The Eighth Circuit’s reliance on the policy underlying CERCLA to support its conclusion that Congress must have intended that litigants may recover attorneys’ fees in a private response action is also misplaced. We cannot imply authority to award attorneys’ fees because we determine that such a rule would enhance public policy. The Supreme Court rejected this notion in Alyeska:
It is true that under some, if not most, of the statutes providing for the allowance of reasonable fees, Congress has opted to rely heavily on private enforcement to implement public policy and to allow counsel fees so as to encourage private litigation_ But congressional utilization of the private-attorney-general concept can in no sense be construed as a grant of authority to the Judiciary to jettison the traditional rule against non-statutory allowances to the prevailing party and to award attorneys’ fees whenever the courts deem the public policy furthered by a particular statute important enough to warrant the award.
Alyeska, 421 U.S. at 263, 95 S.Ct. at 1624.

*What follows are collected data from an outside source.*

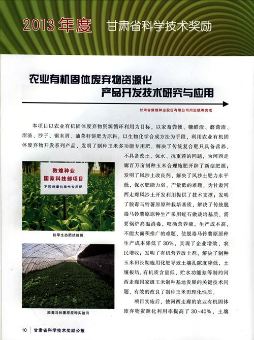 “農(nóng)業(yè)有機固體廢棄物資源化產(chǎn)品開發(fā)技術研究與應用”喜獲甘肅省技術發(fā)明一等獎
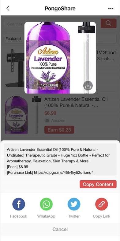 (PongoShare平台上供网红达人赚取佣金的产品)
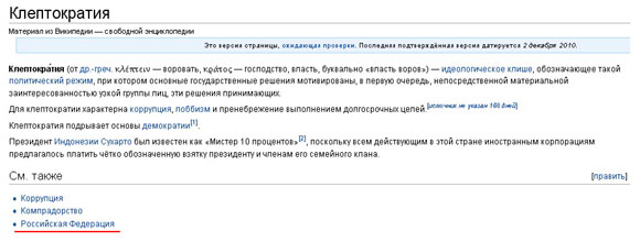 В "Википедии" очень показательна ссылка по теме в статье о клептократии, считает Алексей.
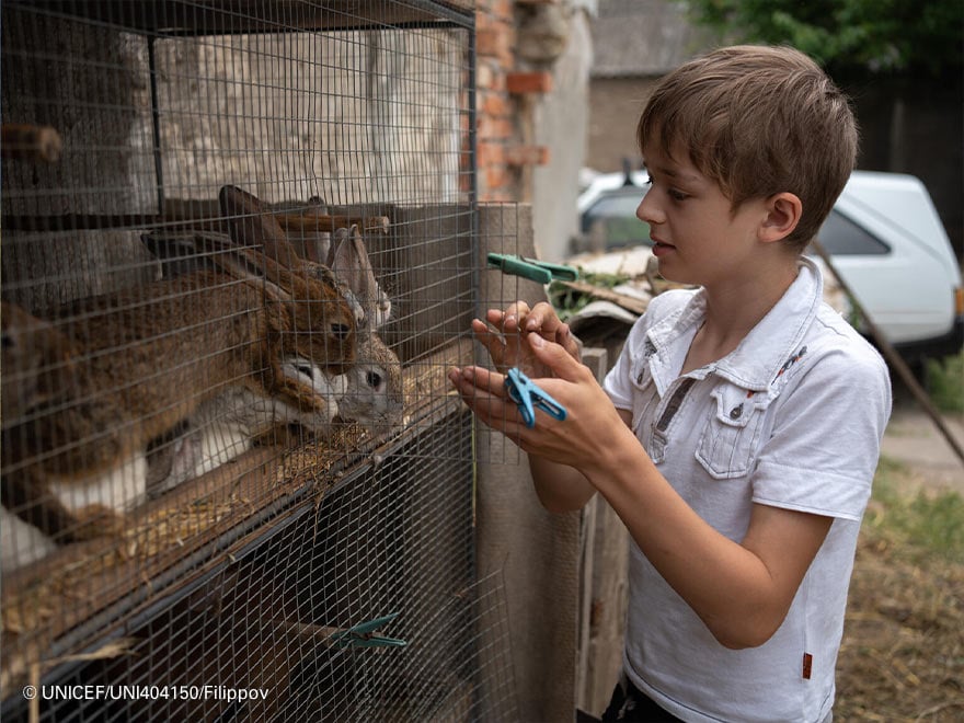 Andriy nos enseña cómo cuida de los conejos para ayudar en el negocio familiar.
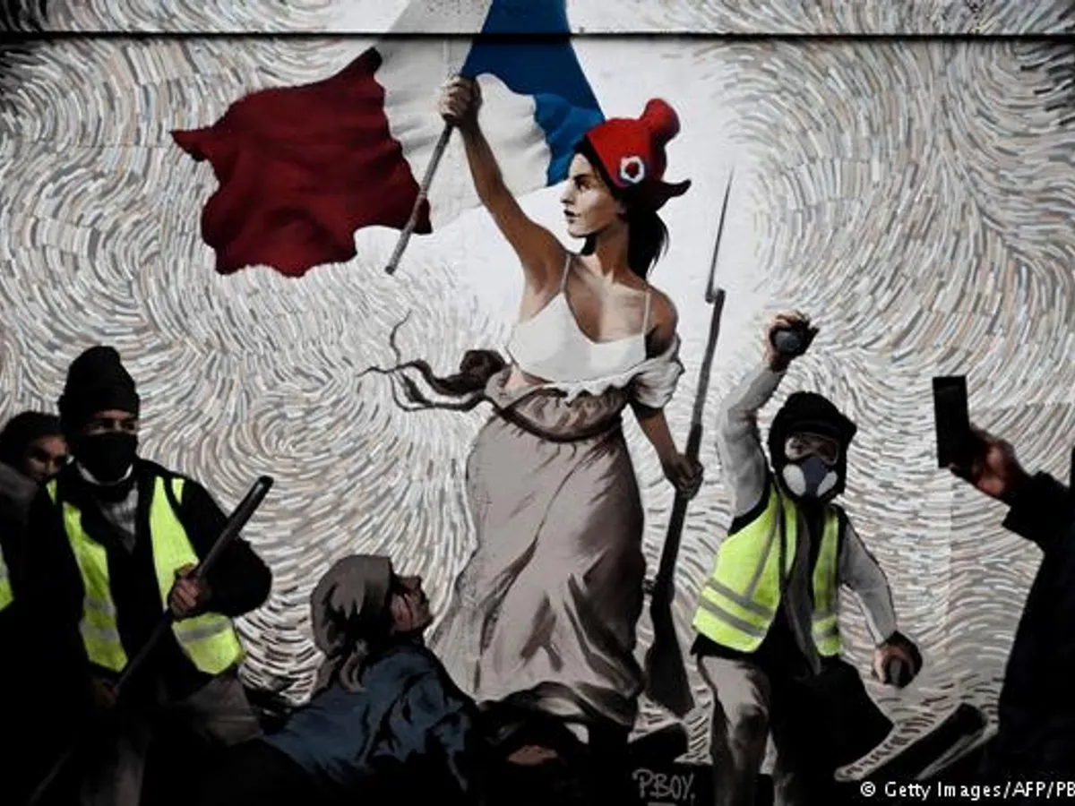 Analogie amuzantă și statement politic: graffiti-ul artistului stradal PBOY de la Paris compară ”vestele galbene” cu luptătorii pe baricade ai revoluției din iulie 1830. Citează renumita pictură a lui Delacroix - ”Libertatea conducând poporul”. Dar de ce aici, spre deosebire de original, personajul principal nu este topless?

If Congress determines that an exception to the American Rule is appropriate in private response actions, it will do so in explicit terms as it has previously done in other parts of CERCLA. See 42 U.S.C. §§ 9604(b), 9659(f). Because Congress has not explicitly authorized an award of legal expenses as necessary response costs, the district court had no authority to award attorneys’ fees to Stanton Road. Runyon, 427 U.S. at 185, 96 S.Ct. at 2601.
III.
Validity of the Award of Monetary Damages for Future Response Acts
1. Mootness
Stanton Road asserts that the validity of the order requiring Lohrey to pay monetary damages in the sum of $1,100,-000 is moot because most of the funds placed in the escrow account have been expended to pay for remediation costs. We disagree. Lohrey appeals from the judgment ordering it to pay monetary damages to Stanton. The fact that payments have been made in satisfaction of a money judgment does not foreclose an appeal. United States ex rel. Morgan & Son Earth Moving, Inc. v. Timberland Paving & Constr. Co., 745 F.2d 595, 598 (9th Cir.1984).
2. Waiver
The parties disagree regarding whether Lohrey objected before the trial court to the validity of the order requiring
3. Validity of The Award of Future Response Costs Under CERCLA
Lohrey contends that the district court erred in ordering Lohrey to pay Stanton Road $1,100,000 to fund the clean-up of its property, because CERCLA prohibits awards of future response costs. We agree.
In ordering Lohrey to pay future response cost damages, the court believed that it could avoid holding further proceedings at which Stanton Road would be required to show that the costs it incurred were necessary to clean up the contamination and were consistent with the national contingency plan. The district court explained its motivation as follows:
I am just going to give you a judgment and give you an amount of money of what it would take [to clean up the property]. In these cases the court would have 50,000 cases on their docket waiting some sort of a resolution. I don’t know if declaratory relief is really a basis of sense in this case.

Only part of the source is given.